As línguas mais antigas, tardiamente chegadas a nós graças à escrita, datam aproximadamente do IV ou do V milênio. Para remontar mais além temos apenas o testemunho aleatório de lendas conservadas em textos sagrados, notadamente os dos povos da recitação e das religiões do livro, Índia, Israel e Islão. A palavra é aí apresentada como uma revelação divina, à qual o ritmo está intimamente ligado; foi esse ritmo que transmitiu aos homens a vida, de que são uma manifestação, toda forma resultando da repetição de um mesmo gesto.

Uma tradição islâmica nos conta que no paraíso de Adão falava-se em versos, numa linguagem ritmada que havia sido até então o privilégio dos deuses, dos anjos e de seus símbolos angélicos “os pássaros”. Essa lenda é a forma tardia que, depois de uma longa evolução, havia tomado uma tradição muito mais antiga, que nos foi conservada pelos Vedas. A língua primordial e poética era aí chamada “siríaca” ou solar, isto é, a língua de uma Síria original e lendária que os textos védicos situam simbolicamente no polo em que também colocavam o lar primitivo de seus ancestrais arianos, quando no correr do último período interglacial este país gozava de um clima temperado. O centro circumpolar da tradição hindu tornou-se na mitologia grega a Tula hiperboreal e, entre os latinos, a última Thula, ilha situada nos confins árticos do mundo. (Existem ainda cidades com o nome Tula na Sibéria, Lapônia, Irlanda e Inslândia, Escócia e América do Norte. Tula, em sânscrito, corresponde à Balança, signo zodiacal e antiga denominação da Grande e de Pequena Ursa, constelação polar. Cf. B. G. Tilak, The Artic Home in the Vedas, Poona, 1925.)
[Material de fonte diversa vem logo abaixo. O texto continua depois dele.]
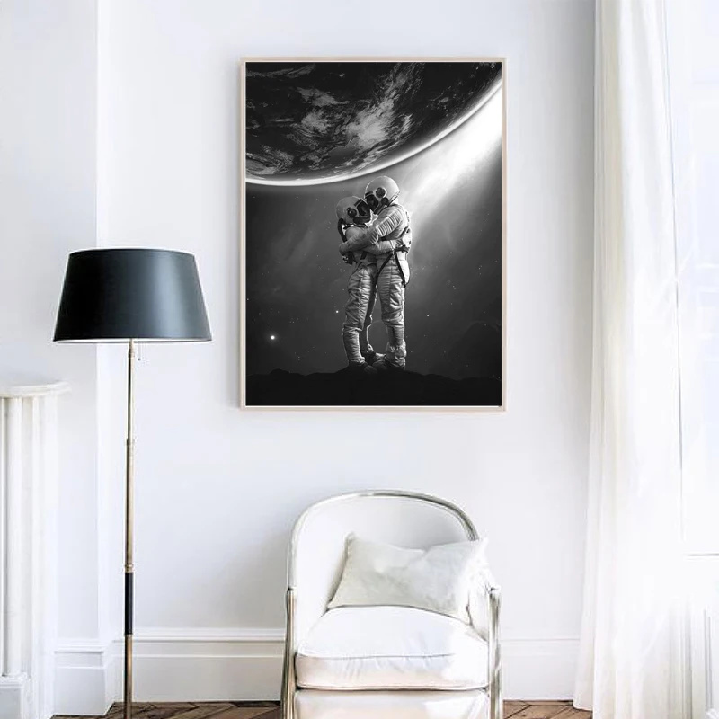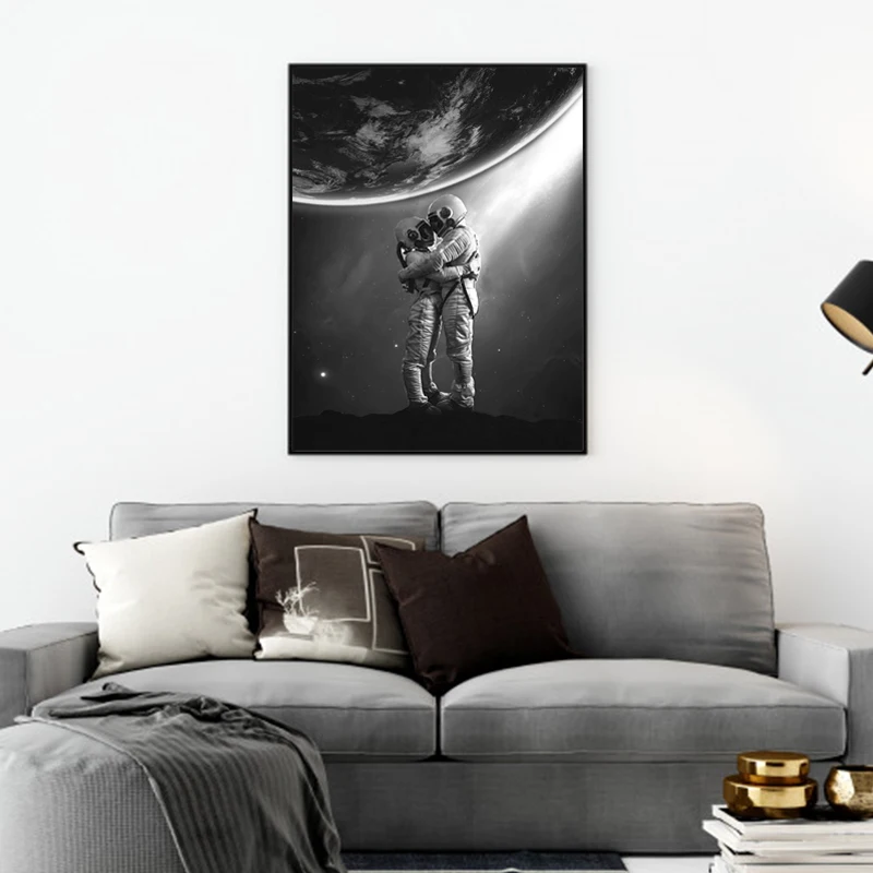 Космическая любовь плакат Cosmonaut пара космическая фотография тема печать холст живопись черный белый настенные фотографии домашний Настенный декор
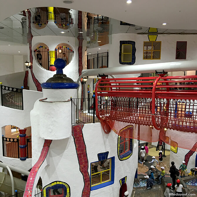 An indoor “Kids Town” designed by Austrian artist and architect Friedensreich Hundertwasser forms the main structure of the fourth and fifth floors. There are slides, plenty of hands-on, interactive exhibits that explain various aspects of nature, physics, technology and the world in general.
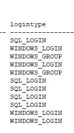 Từ tệp kết quả, tìm kiếm từ khoá “SQL Login” thường có trong mục “logintype”. Đảm bảo rằng giá trị trả về xác thực các tài khoản không còn sử dụng SQL Login nữa mà sử dụng phương thức an toàn như “Windows login”.
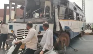 సదాశివపేట: సంగారెడ్డి జిల్లా సదాశివపేట సమీపంలోని జాతీయ రహదారి 65పై శనివారం ఉదయం భీకర రోడ్డు ప్రమాదం సంభవించింది. బైపాస్ రోడ్డులోని ప్రమాదకరమైన మూలమలుపు వద్ద ఆర్టీసీ బస్సు మరియు లారీ ఒకదానికొకటి ఎదురెదురుగా బలంగా ఢీకొన్నాయి.
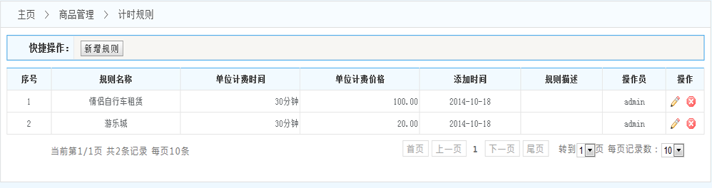 規(guī)則列表:展示系統內設置的所有的規(guī)則 (操作一欄 可以對每條規(guī)則進行修改和刪除 )
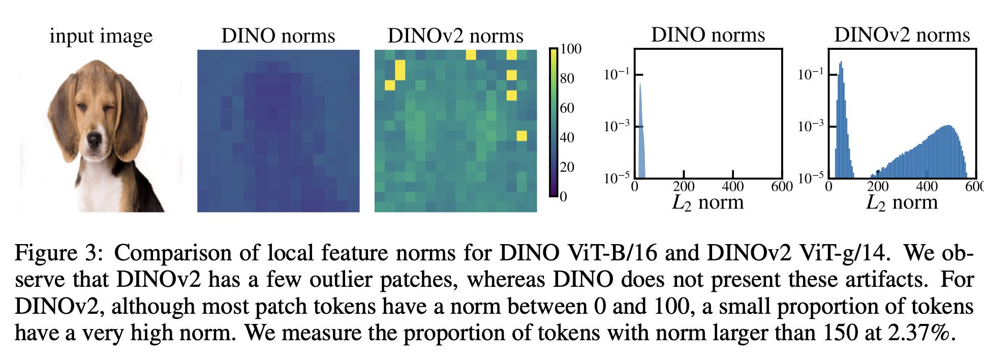 - 위 figure-3에서의 결과처럼, high norm and outlier patches이다. outlier 하다는 것은, 특별히 이미지의 sementics에 별 영향을 주지 않는 어떤 patch라는 소리이다 (위 그림의 white-background처럼)

Nesses antigos tempos, o ritmo poético facilitava não apenas a memorização, a recitação e a transmissão dos textos sagrados, mas determinava no recitante uma harmonização dos elementos inconscientes e descoordenados do ser, graças às vibrações sincrónicas que se propagavam nos prolongamentos psíquicos e espirituais de sua individualidade. Pois os ritmos, que formam a ossatura numerosa da natureza inteira, de sua mais íntima substância até seus mais longínquos limites, recolocavam o homem em uníssono nesta harmonia cósmica a qual ele se tornava capaz de sentir e compreender. Seus atos poderiam assim escapar à instantaneidade, prolongando suas consequências naturais e imprevisíveis em todas as direções do espaço e do tempo.

Mas voltemos ao nosso modesto horizonte do cotidiano, para constatar que o ritmo comanda a execução de todo trabalho. Torna-o mais fácil, transferindo o esforço que reclama para a carga do inconsciente e do hábito, graças a uma respiração escandida pelos cânticos do ofício. Estes cânticos desenvolveram-se ao mesmo tempo que as diferentes técnicas artesanais, notadamente graças a uma codificação precisa dos gestos exigidos para o êxito de uma obra-prima e pelo conhecimento de uma “manobra”, apta a assegurar o cumprimento de uma tarefa difícil, sob pena de acidente ou de erro. Trabalha-se sempre bem, quando se está exatamente instalado para fazê-lo. A atitude correta é também necessária, não só para o trabalho como para o rito, e podemos julgar um artesão por seus gestos, já que o instrumento do qual se serve nada mais faz além de prolongar o esforço de seu cérebro e de sua mão. Para compreender essa necessidade, seria necessário ter assistido aos cânticos coletivos, como por exemplo, há alguns anos, ao ha-han arquejante de uma equipe de colocadores de trilhos, cujos gestos eram regulados, durante a perigosa manobra, como um balé obediente ao sopro de vinte homens respirando como um único.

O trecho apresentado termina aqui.